Standing in the way of most Digital Transformation initiatives is information chaos, information chaos that is more pervasive and potentially debilitating than ever before.

I recently spoke with Petra Beck from Kodak Alaris about the impact of information chaos  on well-intentioned Digital Transformation initiatives.

JM:  How does consumerization and mobility make data chaos more challenging?

Petra Beck:  Data or information chaos is more challenging than ever before. There are two reasons: 1) there is more chaos, and 2) it is more challenging as the expectations and requirements are increasing.

Businesses today are dealing with the exponential growth of data. There are paper-based business inputs, and there are vast amounts of digital documents coming to you in various formats – such as video, phone calls, chat logs, web analytics, and more – and from multiple sources, including social media channels, customer care centers, online and offline.

Analysts predicted digital data to double every two years - but this was before the Internet of Things (IoT) even appeared on the radar. Data volume is now measured in zettabytes, a trillion gigabytes! Mobile devices are a key driver for the data.

Expectations are increasing. There is a desire to process business inputs with a higher level of automation, meaning quicker and with less human intervention. In a B2C environment these requirements are driven by the end customer, meaning the bank customer who applies for a mortgage – expectation is to have this completed in 30 minutes.

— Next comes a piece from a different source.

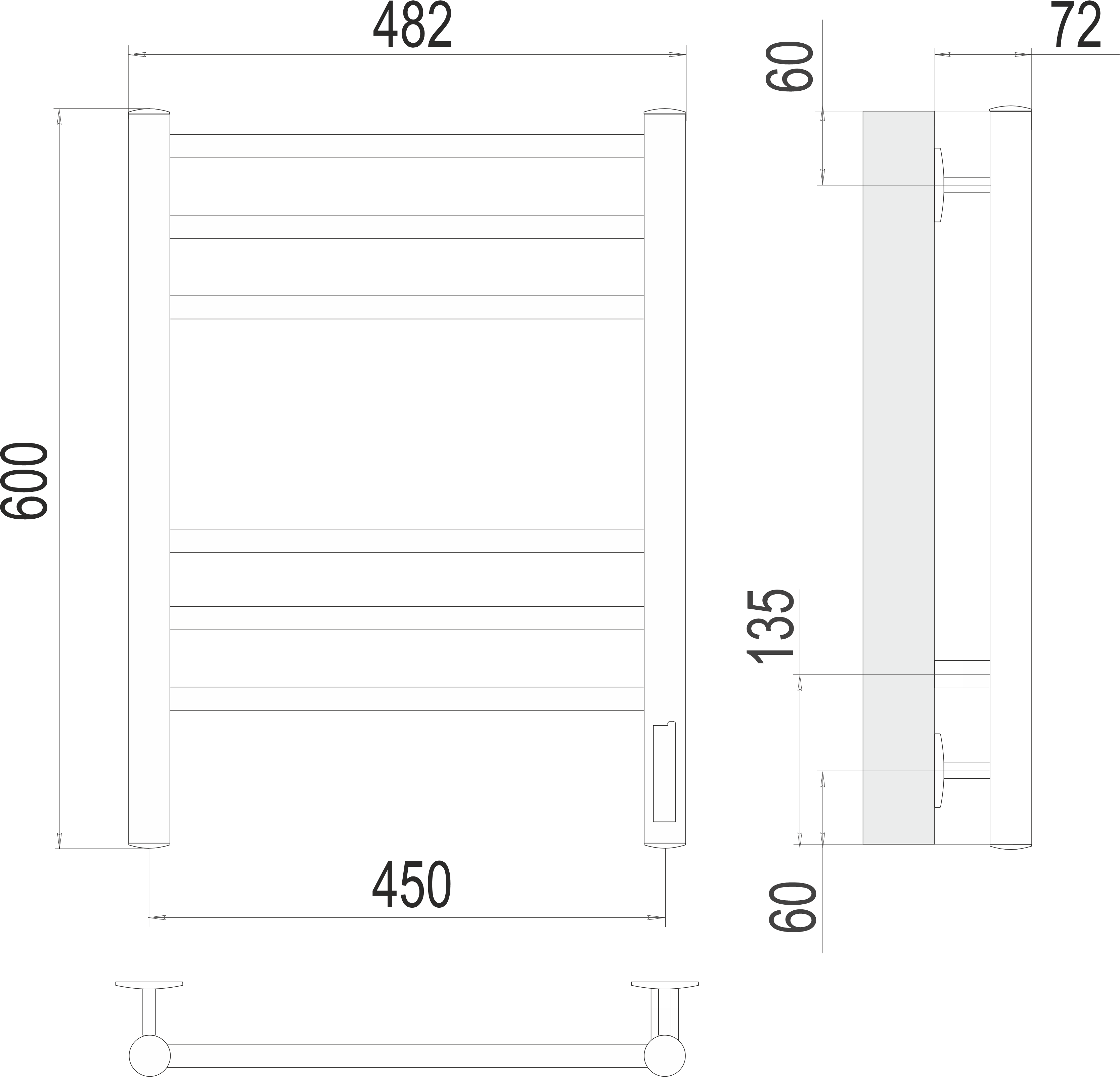 КС Аврора quick touch (черный) электрический полотенцесушитель TERMINUS (482 мм / 600 мм / 450 мм)

Consumerization drives these changing requirements. Why would an insurance customer accept submitting data for an insurance claim in paper and then waiting for days/weeks as in the past? They will simply find another company with whom to do business. 

JM:  What are the business implications of failing to solve the “chaos” problem?

Petra Beck: The exponential growth of what can be described as data chaos, or “big data” doesn’t allow workarounds. Business processes that rely on significant manual interventions are no longer feasible when the volume of data, formats, sources, and locations keep increasing.

What are the business implications of failing to address the data chaos challenge? The top ones that come to mind impact on profitability, compliance risk, and falling behind the competition. 

Profitability impact is caused by slow, inefficient processes; a transaction with multiple manual steps consumes labor, impacts order to cash, and in a B2C environment, also impacts the customer satisfaction due to delays and errors.

Compliance risk is significant if regulatory and privacy requirements are not met. Fines can be rather significant, not even considering the impact on the company's reputation.

Back-office to front-office inefficiency -- The biggest inefficiency factor for the front-office is looking for documents or the right version of a document. This consumes a clerk’s attention rather than focusing on the customer and impacts the time spent serving customers.

JM:  Where can you start? -- How can you begin to break the cycle of information chaos?

Petra Beck: Starting with a front-office process may be the best way to begin tackling the information chaos challenge. Pick your most business-critical workflow and map out the process steps with data streams and data repositories. Then identify the biggest bottlenecks in your processes. Quantify the impacts to the business that affect profitability, productivity, and long-term success. Drive unnecessary complexity out of the workflow and focus on automating process steps that are most impactful – information capture is one to consider due to impact on the downstream process. 

JM: What are the role of machine learning and intelligent capture in breaking the chaos cycle?

Petra Beck: At a recent software conference I attended, every vendor was either offering or working on an Artificial Intelligence based solution. But at the same time, businesses are still struggling with the basics – too many data silos and not enough skilled workers.

Intelligent Capture is the starting point. Being able to handle different types of business inputs in one cohesive process is a key prerequisite for reaching a higher level of automation. Image Science plays a key role as well, starting with the intelligent enhancement of scanned images that reduces prep time (a key bottleneck) and exception processing (which is another huge bottleneck).

AI and machine learning are marking a step-change in the automation of business processes. Processes are rarely stable and can be handled with rules-based processes; AI-based processes will allow adjusting processes to reflect a new business situation dynamically.